The application deadline for ACOs that started in the Shared Savings Program in 2012 or 2013 will be Dec. 1, 2014. Applications will be available in mid-2015 for ACOs that started in the Shared Savings Program in 2014 or will start in 2016.

Joleen Huneke, executive director the South East Rural Physician Alliance based in Crete, NE, says she still reading the fine print on the CMS offer.

"We already were an advanced payment. Are they going to let us go after this money again or are they going to say 'no you already had yours. You don't get any more.'" Huneke says. "That is the biggest problem. It's when their rules hit their rules."

SERPA began participating in the Shared Savings Program and the Medicaid ACO now covers more than 10,000 beneficiaries. Huneke says additional funding would be welcomed.

"The cost of setting up an ACO is expensive," she says. "We are doing a patient-centered medical home in our ACO. That is very expensive. We have all independent physicians who all own their own practices. Any money they spend on patient centered medical homes and that infrastructure is out of their own pockets."

Clinton MacKinney, MD, deputy director of the RUPRI Center for Rural Health Policy Analysis at the University of Iowa, says rural ACOs face a steeper climb than their urban counterparts.

"There are various marketing requirements and notifications requirements that are all time consuming and expensive.
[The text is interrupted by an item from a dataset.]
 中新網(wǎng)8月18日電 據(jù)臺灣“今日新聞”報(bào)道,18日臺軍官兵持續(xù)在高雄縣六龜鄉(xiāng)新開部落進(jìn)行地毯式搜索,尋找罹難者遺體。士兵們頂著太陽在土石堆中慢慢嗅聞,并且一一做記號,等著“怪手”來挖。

So, just by sheer size rural organizations may not have the resources to develop that infrastructure," he says.

"Rural organizations also may not have the same experience in managed care that urban organizations have. Just to develop the processes to do what are required of ACOs would be somewhat new and different, again more challenging and more costly."

"Another big factor is the attribution numbers. A Medicare ACO requires 5,000 individuals to participate. That means 5,000 individuals that truly demonstrated that they seek out your organization or providers for their primary care. It's difficult, especially in places where people travel for the winter," he says.
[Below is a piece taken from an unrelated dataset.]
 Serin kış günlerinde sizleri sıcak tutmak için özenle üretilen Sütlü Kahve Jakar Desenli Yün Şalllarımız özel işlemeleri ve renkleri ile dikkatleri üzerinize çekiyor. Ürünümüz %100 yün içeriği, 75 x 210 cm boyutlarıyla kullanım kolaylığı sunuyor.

Asked if the $114 million made available from CMS was big enough to make a difference, MacKinney said: "The answer is it's never enough. But I am encouraged that CMS is recognizing that 25% of the population of this country that lives in rural [communities] should not be left behind. This is a step in the right direction."

"All of us advocating for rural health would say insufficient attention has been paid to 25% of the population. We do not see a great preponderance of demonstrations that are applicable to rural areas. There needs to be more."

John Commins is the news editor for HealthLeaders.